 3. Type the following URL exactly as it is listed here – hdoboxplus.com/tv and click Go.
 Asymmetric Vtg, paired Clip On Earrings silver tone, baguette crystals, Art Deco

---

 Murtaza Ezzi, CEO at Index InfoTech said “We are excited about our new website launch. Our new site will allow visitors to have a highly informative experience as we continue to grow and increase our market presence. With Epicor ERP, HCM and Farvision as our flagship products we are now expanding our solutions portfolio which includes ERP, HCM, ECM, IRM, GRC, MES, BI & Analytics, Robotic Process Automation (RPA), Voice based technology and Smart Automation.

## WORK TASK
Copy back the listing above exactly, but only from the line with "3. Type the" through the line with "Asymmetric Vtg, paired", both ends included.

## RESPONSE TO THIS TASK
 3. Type the following URL exactly as it is listed here – hdoboxplus.com/tv and click Go.
 Asymmetric Vtg, paired Clip On Earrings silver tone, baguette crystals, Art Deco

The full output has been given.